En même temps, les investisseurs ont, à mon avis, accordé peu d’importance aux éléments qui sous-tendent la «valeur»: la rentabilité d’une entreprise, la robustesse de son modèle d’affaires à long terme, la vision à long terme de ses dirigeants et la solidité de son bilan.
Permettez-moi de vous présenter l’exemple de deux sociétés œuvrant dans le même secteur, celui de la vente de voitures usagées: CarMax (KMX, 91,91$US; dont COTE 100 est actionnaire depuis de nombreuses années) et Carvana (CVNA, 42,81$US). Même si elles sont deux concurrentes du même secteur, j’estime que les deux sociétés pourraient difficilement être plus différentes à plusieurs égards.

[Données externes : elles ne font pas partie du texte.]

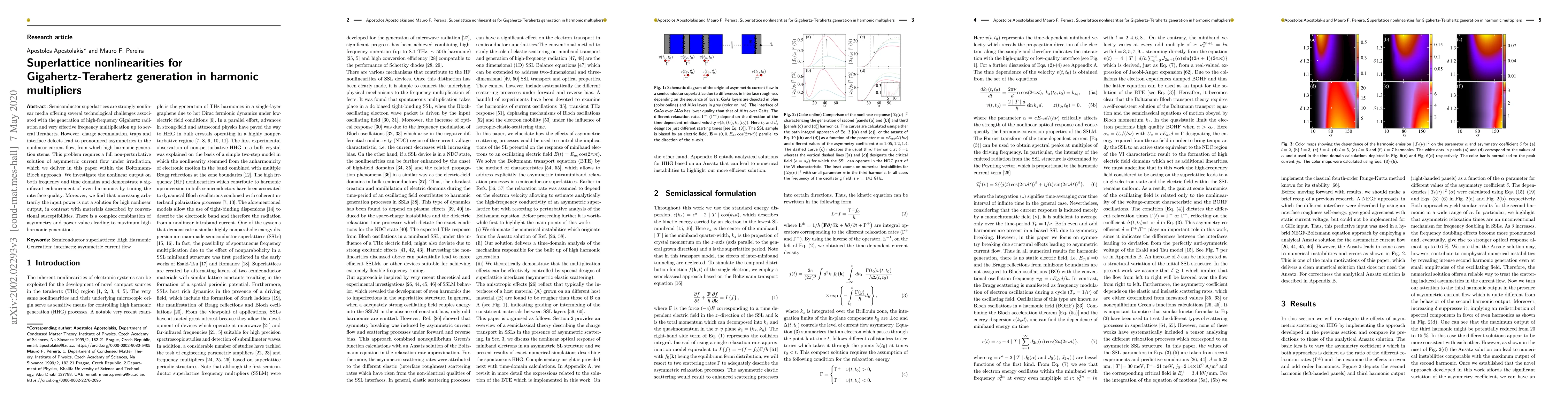 Semiconductor superlattices are strongly nonlinear media offering several technological challenges associated with the generation of high-frequency Gigahertz radiation and very effective frequency multiplication up to several Terahertz. However, charge accumulation, traps and interface defects lead to pronounced asymmetries in the nonlinear current flow, from which high harmonic generation stems. This problem requires a full non-perturbative solution of asymmetric current flow under irradiation, which we deliver in this paper within the Boltzmann-Bloch approach. We investigate the nonlinear output on both frequency and time domains and demonstrate a significant enhancement of even harmonics by tuning the interface quality. Moreover, we find that increasing arbitrarily the input power is not a solution for high nonlinear output, in contrast with materials described by conventional susceptibilities. There is a complex combination of asymmetry and power values leading to maximum high harmonic generation.

D’une part, la rentabilité des deux modèles d’affaires est aux antipodes. CarMax affiche des bénéfices en croissance depuis de nombreuses années, alors que Carvana n’a pas encore enregistré de bénéfices depuis sa venue en Bourse en 2017. Les analystes prévoient en moyenne une perte par action de 6,95$ en 2022 pour Carvana, soit environ 1 G$, alors qu’ils prévoient des bénéfices par action de 5,96$ pour CarMax, soit près de 1 G$.

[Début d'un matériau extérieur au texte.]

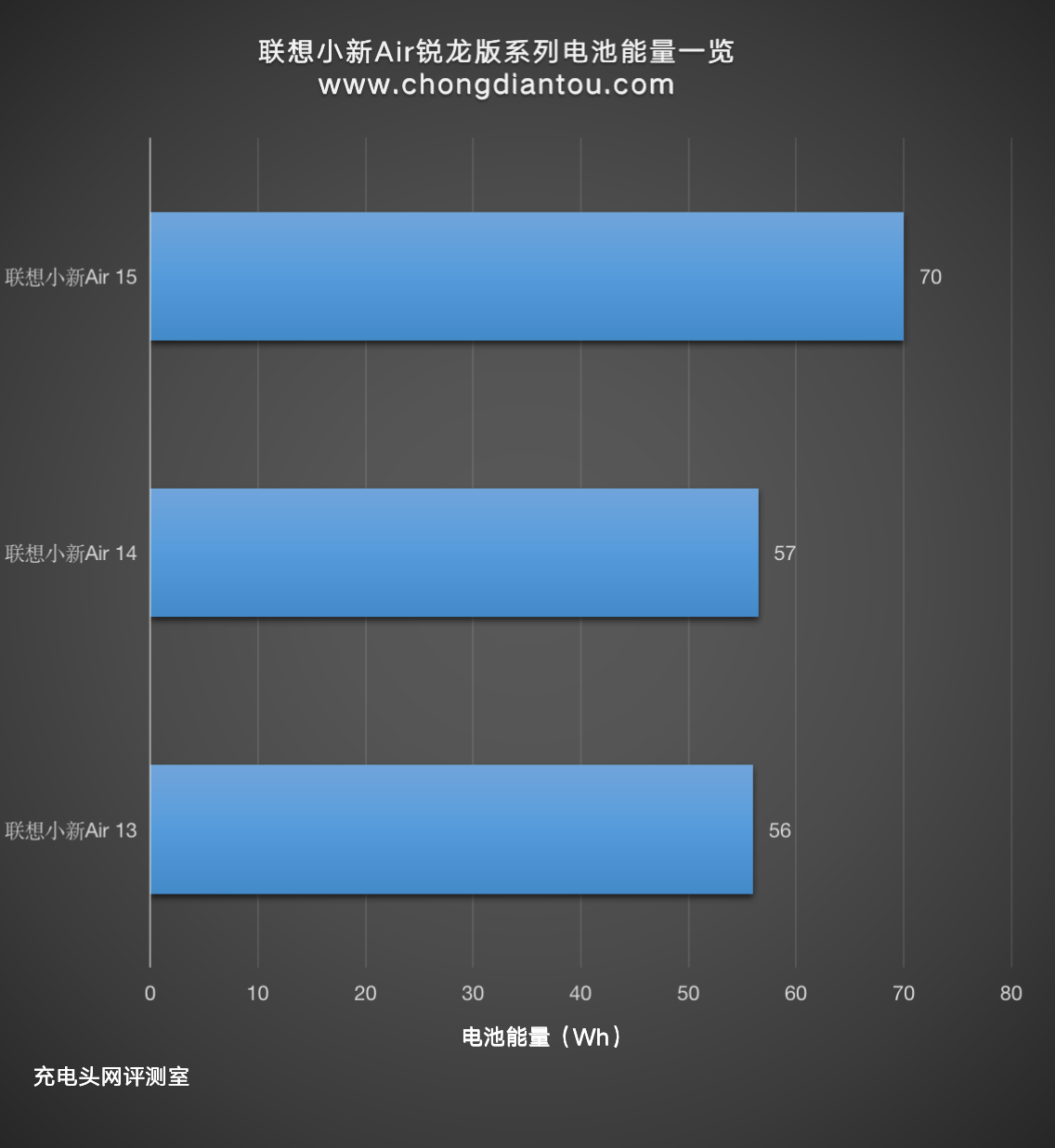除了对联想小新Air锐龙版笔电的充电进行测试之外,小编还查询汇总了一下相关数据。目前联想推出的AMD版本小新Air如果按照电池容量和功率区分的话共有三款,主要体现在屏幕大小上,而内置的电池能量也随着屏幕的变大而增加。

De plus, les bilans des deux sociétés se démarquent grandement. Dans les deux cas, j’exclus la dette liée à leurs activités de financement. Dans le cas de CarMax, la dette nette se chiffre à un peu moins de 3,2 G$, ce qui se traduit par un ratio dette nette-bénéfices d’exploitation (BAIIA) de 1,72. Pour ce qui est de Carvana, la dette nette s’élevait à un peu plus de 5,0 G$ au 31 décembre 2021. Pour financer l’acquisition des activités américaines de la division ADESA de la société KAR Auction Services, Carvana a récemment vendu près de 3,3 G$ de dette à un taux d’intérêt de 10,25%.

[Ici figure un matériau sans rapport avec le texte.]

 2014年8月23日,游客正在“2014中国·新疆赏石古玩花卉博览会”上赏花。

Or, il y a quelques mois, le titre de Carvana s’échangeait à des niveaux d’évaluation que je considère irrationnels. À son sommet de plus de 375$ l’action, la capitalisation de la société s’élevait à plus de 65 G$, soit 5,2 fois ses revenus de 2021. Quant à CarMax, à son sommet de plus de 155$, la société valait environ 25 G$, soit environ 0,8 fois ses revenus de 2022 (février).
Le titre de Carvana a chuté de près de 85% depuis son sommet d’août 2021, alors que celui de CarMax a perdu environ 39% depuis son sommet de novembre dernier. Avec cette chute de l’action de Carvana, il devient beaucoup plus difficile pour la société de financer ses activités (et ses pertes) à des conditions favorables (comme l’indique son plus récemment financement), alors que CarMax n’a pas besoin de capital externe pour poursuivre sa croissance.
Rappelez-vous la dernière fois que nous avons connu un épisode où la spéculation a atteint des niveaux élevés – la fin des années 1990. Au début des années 2000, un grand nombre des sociétés dont les titres avaient attiré l’attention des spéculateurs avaient disparu. Entre-temps, celles qui ont réussi à traverser la crise en sont sorties encore plus fortes.
Je crois qu’on pourrait très bien observer le même phénomène au cours des prochaines années alors que les investisseurs reviendront aux principes de base de l’investissement «valeur»: l’importance des bénéfices, la solidité des modèles d’affaires à long terme et une évaluation raisonnable.